▽

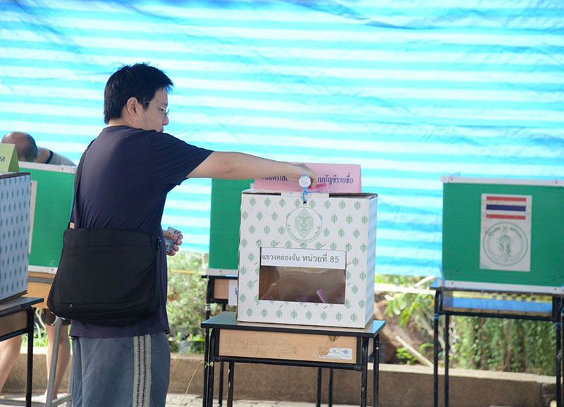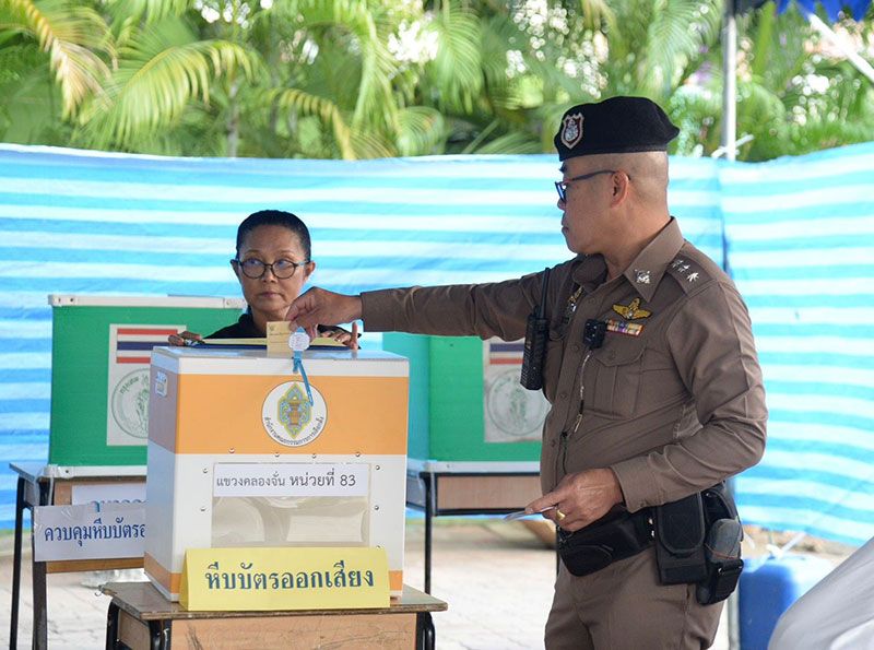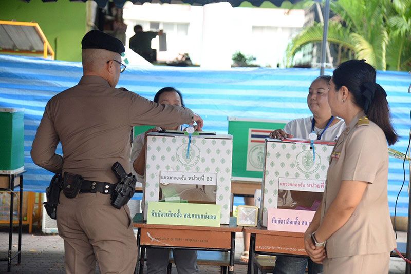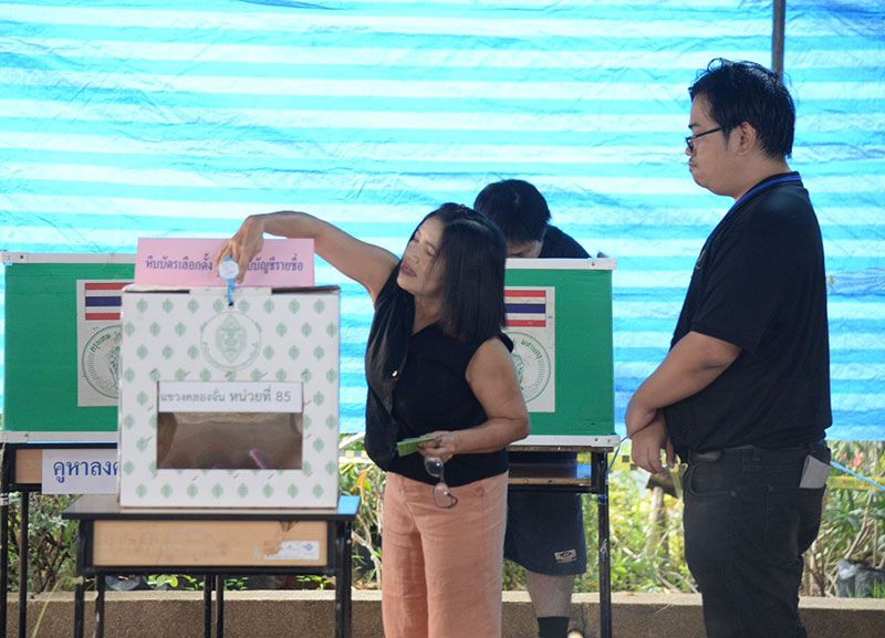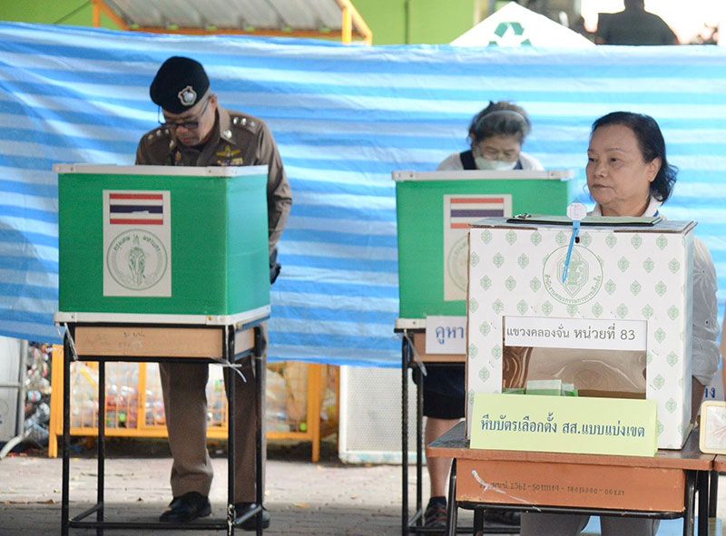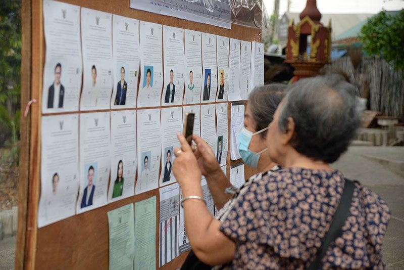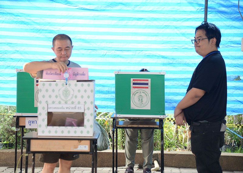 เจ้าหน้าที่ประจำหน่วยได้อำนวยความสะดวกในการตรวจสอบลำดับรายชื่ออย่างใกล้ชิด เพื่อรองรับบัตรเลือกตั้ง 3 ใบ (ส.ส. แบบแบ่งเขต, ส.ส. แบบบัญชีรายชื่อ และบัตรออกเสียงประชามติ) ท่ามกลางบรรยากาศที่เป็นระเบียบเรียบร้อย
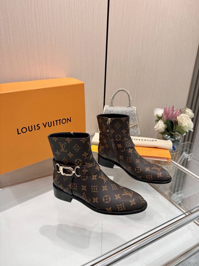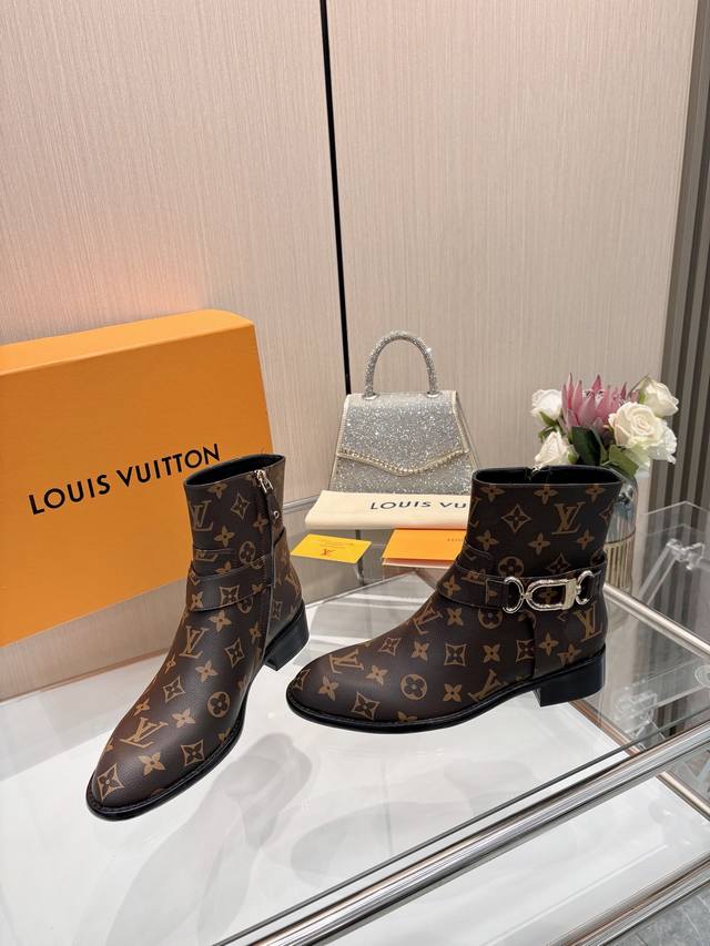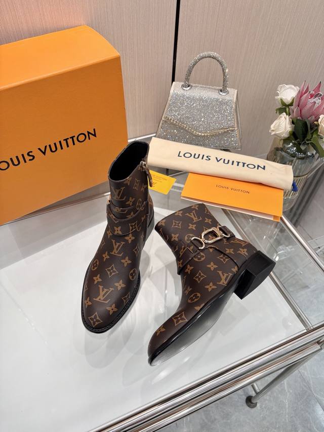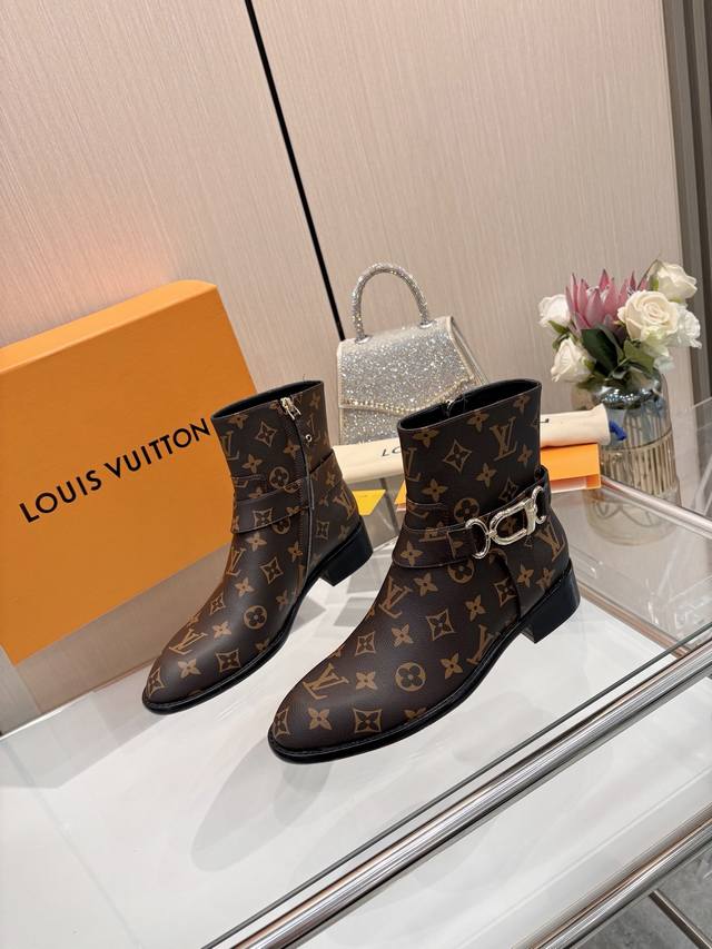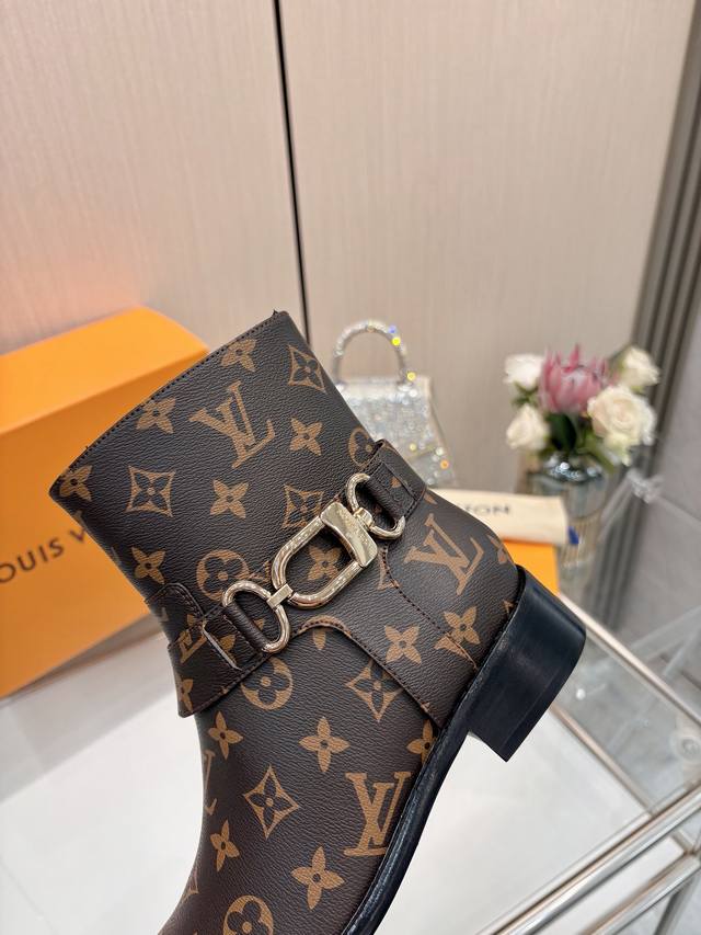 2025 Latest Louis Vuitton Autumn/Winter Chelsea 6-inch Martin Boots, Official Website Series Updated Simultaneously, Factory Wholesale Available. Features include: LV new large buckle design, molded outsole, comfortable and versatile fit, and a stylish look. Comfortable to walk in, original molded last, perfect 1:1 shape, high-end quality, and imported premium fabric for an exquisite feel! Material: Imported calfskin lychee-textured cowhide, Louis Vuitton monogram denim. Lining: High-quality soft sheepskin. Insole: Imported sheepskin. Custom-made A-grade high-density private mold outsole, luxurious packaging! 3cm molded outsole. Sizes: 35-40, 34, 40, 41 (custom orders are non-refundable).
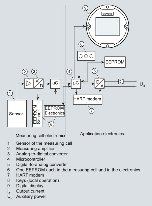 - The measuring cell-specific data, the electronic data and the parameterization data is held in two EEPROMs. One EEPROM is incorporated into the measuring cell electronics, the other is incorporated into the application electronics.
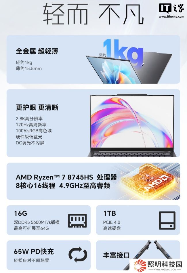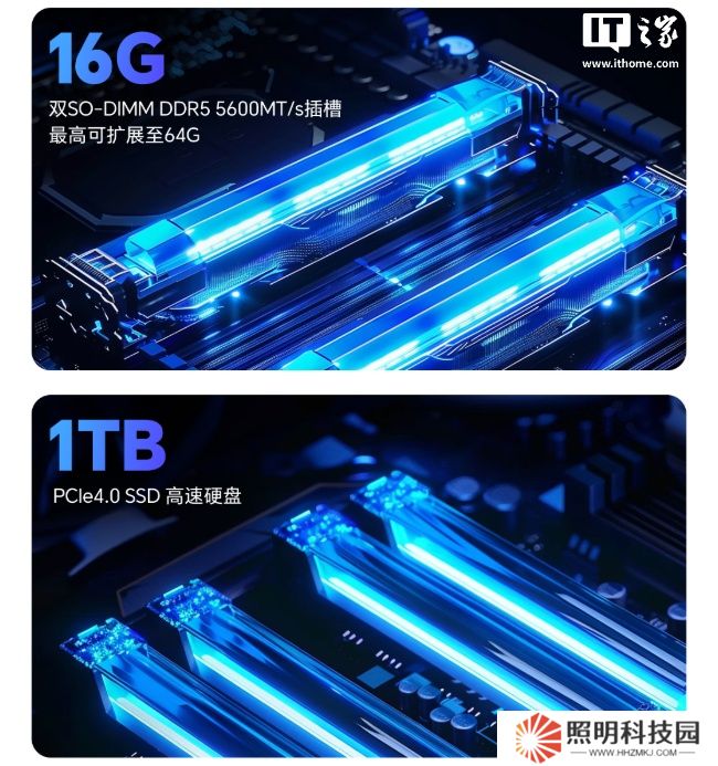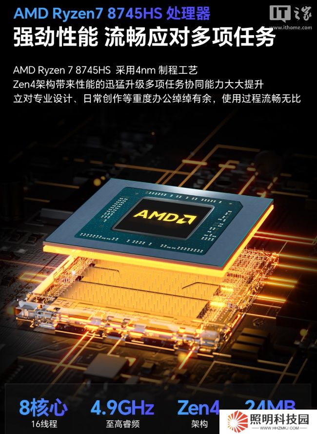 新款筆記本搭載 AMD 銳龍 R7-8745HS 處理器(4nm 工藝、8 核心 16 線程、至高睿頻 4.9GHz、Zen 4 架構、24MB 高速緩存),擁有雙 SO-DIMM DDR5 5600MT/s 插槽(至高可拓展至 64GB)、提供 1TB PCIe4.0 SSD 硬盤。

△

Begin at the line containing "- The measuring" and stop at the last line of the data. Repeat only those lines, exactly, and leave out the pictures.

 - The measuring cell-specific data, the electronic data and the parameterization data is held in two EEPROMs. One EEPROM is incorporated into the measuring cell electronics, the other is incorporated into the application electronics.
 新款筆記本搭載 AMD 銳龍 R7-8745HS 處理器(4nm 工藝、8 核心 16 線程、至高睿頻 4.9GHz、Zen 4 架構、24MB 高速緩存),擁有雙 SO-DIMM DDR5 5600MT/s 插槽(至高可拓展至 64GB)、提供 1TB PCIe4.0 SSD 硬盤。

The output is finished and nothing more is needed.